(THE INPUT)
━━━━

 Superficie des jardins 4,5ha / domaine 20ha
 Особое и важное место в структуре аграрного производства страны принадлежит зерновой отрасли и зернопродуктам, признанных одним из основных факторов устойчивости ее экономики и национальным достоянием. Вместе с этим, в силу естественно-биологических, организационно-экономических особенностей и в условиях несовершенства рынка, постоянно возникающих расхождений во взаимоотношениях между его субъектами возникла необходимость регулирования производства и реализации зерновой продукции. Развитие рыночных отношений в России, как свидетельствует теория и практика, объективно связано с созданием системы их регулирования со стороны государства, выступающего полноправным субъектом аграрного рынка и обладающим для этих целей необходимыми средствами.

━━━━

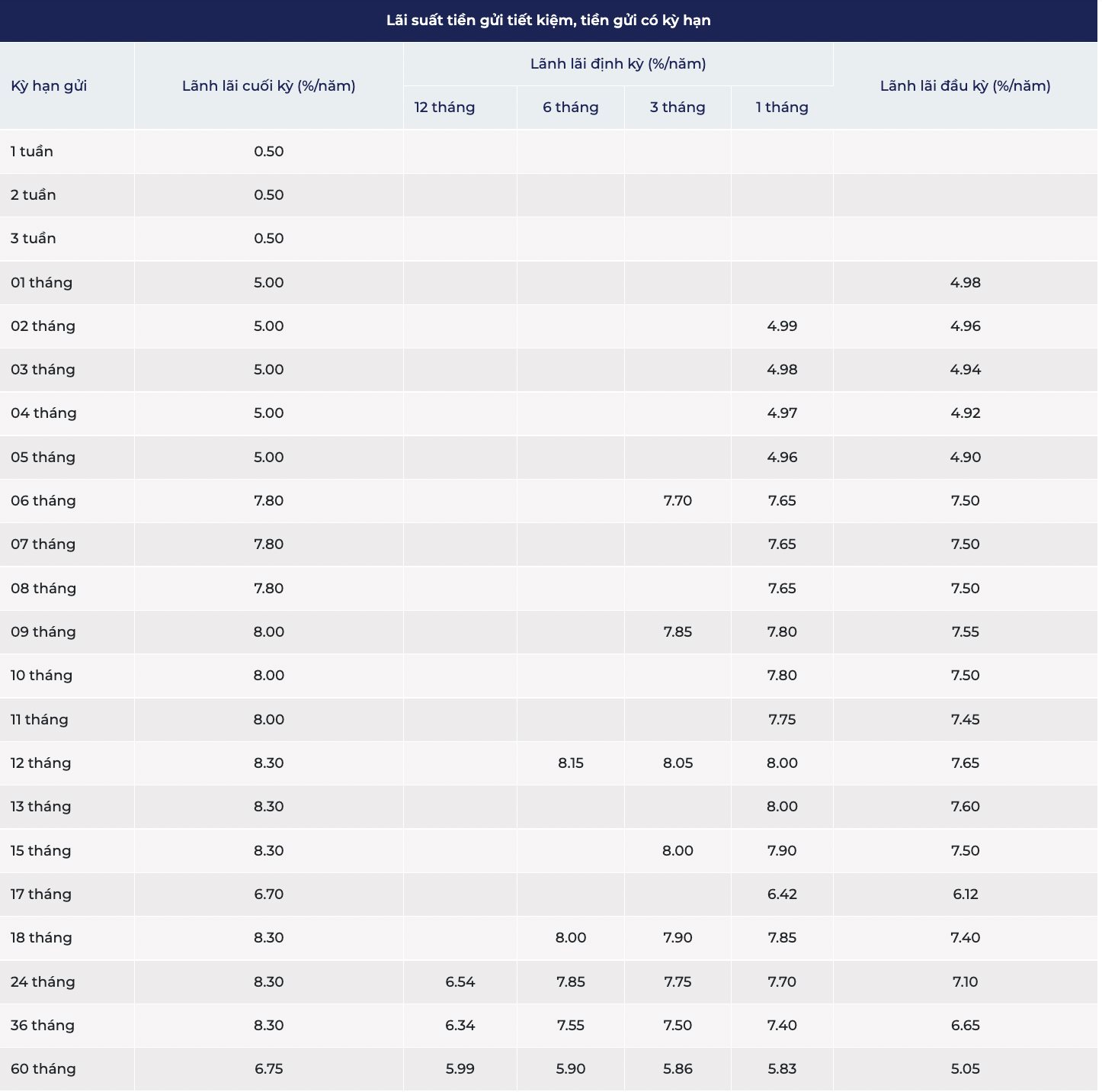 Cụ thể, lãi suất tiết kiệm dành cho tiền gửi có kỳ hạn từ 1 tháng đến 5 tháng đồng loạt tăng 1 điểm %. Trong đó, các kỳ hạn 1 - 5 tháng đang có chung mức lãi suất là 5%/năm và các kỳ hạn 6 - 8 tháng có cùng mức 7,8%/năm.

━━━━

(ABOUT THIS TASK) Retype exactly, and only, the lines above from the one where "Superficie des jardins 4,5ha / domaine 20ha" occurs up to and including the one where "Особое и важное" occurs.

(WRITTEN SOLUTION)
 Superficie des jardins 4,5ha / domaine 20ha
 Особое и важное место в структуре аграрного производства страны принадлежит зерновой отрасли и зернопродуктам, признанных одним из основных факторов устойчивости ее экономики и национальным достоянием. Вместе с этим, в силу естественно-биологических, организационно-экономических особенностей и в условиях несовершенства рынка, постоянно возникающих расхождений во взаимоотношениях между его субъектами возникла необходимость регулирования производства и реализации зерновой продукции. Развитие рыночных отношений в России, как свидетельствует теория и практика, объективно связано с созданием системы их регулирования со стороны государства, выступающего полноправным субъектом аграрного рынка и обладающим для этих целей необходимыми средствами.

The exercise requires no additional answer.